According to the theory of inflation, the universe expanded in size by 10^50 times in just a fraction of a second after the Big Bang, allowing things like atoms and simple chemical elements — and eventually planets and stars — to form.
Inflation hasn’t been proven yet because it’s impossible to observe any light from that time, but the enormous exponential expansion is exactly the kind of event that would be predicted to produce gravitational waves.
While we can’t see the light from the time of inflation, the oldest light we can observe is from about 380,000 years after the Big Bang. The telescope built by the team led by Bennett and Marriage is called the Cosmology Large Angular Scale Surveyor (CLASS). Over the course of five years, CLASS will scan the sky and measure this light, which falls in the microwave range of the electromagnetic spectrum.
“Our experiment is designed to not measure the gravitational radiation itself like they did in [LIGO], but to measure the effect of this gravitational radiation on electromagnetic radiation,” Bennett said.
If gravitational waves were produced during inflation they would leave an imprint on the polarization pattern of the incoming microwave light. CLASS will search for that imprint from its perch on a 17,000-foot plateau in Chile’s Atacama Desert, one of the driest places on Earth.

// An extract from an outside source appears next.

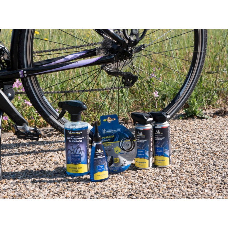 Le nettoyant vélo de la marque MICHELIN est conçu pour nettoyer toutes les parties du vélo.Avec sa nouvelle formule parfumée aux agrumes, il dégraisse et nettoie le cadre, les roues, les jantes, la chaîne, le guidon.Il préserve le vélo et ne laisse pas de trace.Produit fabriqué en France.
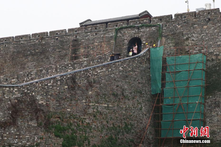 1月2日,工人在南京明城墙解放门段进行墙体维修。为推动申遗并加强对明城墙的保护,南京计划投资建设城墙监测预警平台,全程监控明城墙的健康状况,发现问题提前预警。中新社记者 泱波 摄

CLASS was built with the expectation that if it looked in the right place, the gravitational waves would be there. LIGO’s detection was not unexpected, Bennett said, but it was an extra reassurance.
“I’m all smiles about that detection,” he said. “We’ve been assuming all along that the gravitational waves exist, and this experiment shows that they do exist, which is wonderful — not a surprise, but wonderful.”

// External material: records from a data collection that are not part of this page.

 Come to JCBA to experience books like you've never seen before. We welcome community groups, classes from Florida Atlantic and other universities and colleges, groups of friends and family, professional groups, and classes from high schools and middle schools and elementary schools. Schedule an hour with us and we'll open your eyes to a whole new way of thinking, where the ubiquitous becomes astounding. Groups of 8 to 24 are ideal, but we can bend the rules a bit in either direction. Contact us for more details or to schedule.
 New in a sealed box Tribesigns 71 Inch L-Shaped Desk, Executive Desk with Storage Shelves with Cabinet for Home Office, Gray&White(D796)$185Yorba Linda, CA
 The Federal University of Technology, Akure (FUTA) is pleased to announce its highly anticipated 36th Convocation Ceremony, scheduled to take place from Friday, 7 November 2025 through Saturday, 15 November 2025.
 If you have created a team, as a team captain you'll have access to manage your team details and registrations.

Marriage felt the same way about the gravitational wave detection by LIGO as an affirmation of what theories have suggested.
“It would be incredibly surprising if we never found any gravity waves — if we were wrong about general relativity and really didn’t understand something about the universe astrophysically,” Marriage said.

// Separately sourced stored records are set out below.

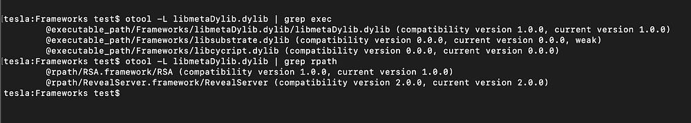 libmetaDylib.dylib contains references to 3 known modding/hooking frameworks: Cycript, Cydia Susbtrate, and the Reveal Framework. This is already a red flag, meaning that something has been done to alter the runtime behavior of the app:
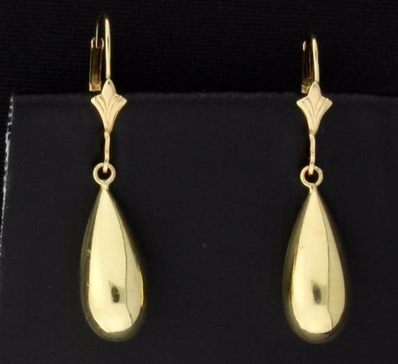 In 14K yellow gold they are 1 1/4 inches long. 1.5g
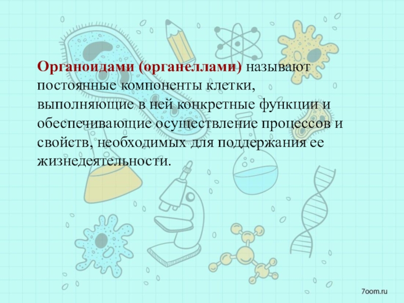 Слайд 9Органоидами (органеллами) называют постоянные компоненты клетки, выполняющие в ней конкретные функции

Construction at the CLASS site in Chile was finished last year when the first of four telescopes was shipped from Baltimore. At a given time, anywhere from two to eight postdoctoral or graduate students are down at the site assembling the instruments and setting it up. By this summer the team expects the first telescope to be pointed at the sky, collecting data.
“It’s a very exciting time,” Bennett said. “It’s time-consuming getting it all ready, but we’re months — not years — away.”
Students have been playing an active role on CLASS since the start. Marriage provides the intellectual muscle, Bennett said, but with so many different components to the project, he enjoys being able to give students a chance to work the problems out for themselves. Three telescopes are still being built in the Bloomberg Center, with undergraduate students building instruments, testing equipment and modeling the data they expect to receive.
“They really are doing all the work,” Bennett said. “It’s really a great research opportunity and growth opportunity for them. It’s just a lot of fun to watch them succeed and figure things out.”
Senior Manwei Chan currently works on the cryostats, which will keep sensitive instruments cool.
“It’s exciting that we get the chance to actually collect data soon,” Chan, who has been in the lab since his freshman year, said. “Everyone is excited to go down and help set up all of this stuff.”
The LIGO discovery has heightened the importance of their work.
“This detection, more than anything, has added impetus to what we’re doing in this new age of gravitational wave astronomy,” Bennett said. “My gut feeling is that this discovery was a big deal — it's almost a sure thing those guys will get a Nobel Prize for it.”